For patients who are alive (censored), simply don't include a death event. The absence of a death event indicates the patient was alive at last follow-up.


Loading Data

Data can be loaded as pandas DataFrames directly:

import pandas as pd
from twinweaver import DataManager, Config

# Load your data
df_events = pd.read_csv("events.csv")
df_constant = pd.read_csv("constant.csv")
df_constant_description = pd.read_csv("constant_description.csv")

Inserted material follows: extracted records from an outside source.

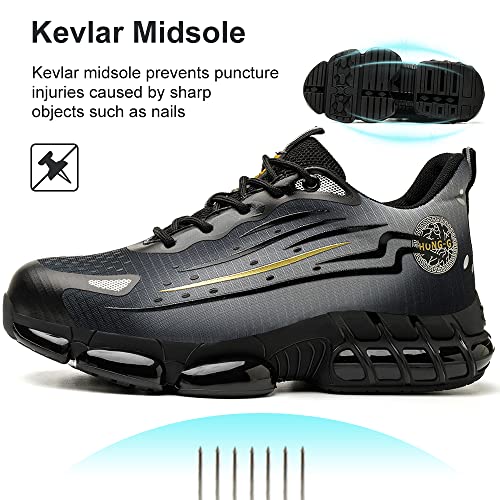 HAIMAYEE Sicherheitsschuhe Herren S3 Leicht 43 Arbeitsschuhe mit Stahlkappe Sommer Arbeit Schuhe Männer Sicherheit Sneaker Kevlar Schutzschuhe für Kinder Jungen Grau Schwarz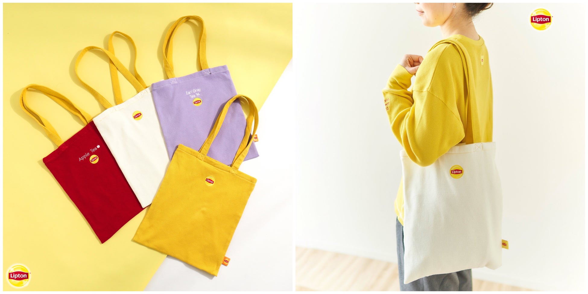 おなじみのLiptonロゴを刺繍で取り入れ、「レモンティー」や「ミルクティー」など人気フレーバーのイメージカラーに合わせたお洋服と雑貨を展開。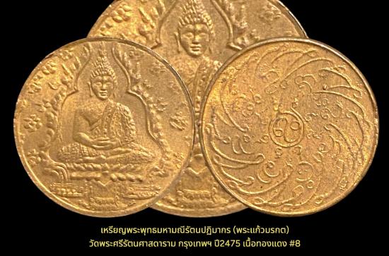 เหรียญพระพุทธมหามณีรัตนปฏิมากร (พระแก้วมรกต) วัดพระศรีรัตนศาสดาราม เนื้อทองแดง กรุงเทพฯ ปี2475 เคาะเดียว

# Initialize configuration
config = Config()

# <---------------------- CRITICAL CONFIGURATION ---------------------->
# 1. Event category used for data splitting (e.g., split data around Lines of Therapy 'lot')
# Has to be set for all instruction tasks
config.split_event_category = "lot"

# 2. List of event categories we want to forecast (e.g., forecasting 'lab' values)
# Only needs to be set if you want to forecast variables
config.event_category_forecast = ["lab"]

# 3. Mapping of specific time to events to predict (e.g., we want to predict 'death' and 'progression')
# Only needs to be set if you want to do time to event prediction
config.event_category_events_prediction_with_naming = {
    "death": "death",
    "progression": "next progression",  # Custom name in prompt
}

# Initialize DataManager
dm = DataManager(config=config)
dm.load_indication_data(
    df_events=df_events,
    df_constant=df_constant,
    df_constant_description=df_constant_description
)

Configuration Parameters

  • split_event_category: The event category used to anchor split points for generating training samples (required for instruction tuning)
  • event_category_forecast: Which event categories to forecast as time-series values
  • event_category_events_prediction_with_naming: Maps event names to prediction tasks (e.g., survival, progression)

See the Raw Data Preprocessing Tutorial for transforming raw clinical data into TwinWeaver format, or the Data Preparation Tutorial for a complete walkthrough of instruction-tuning data generation.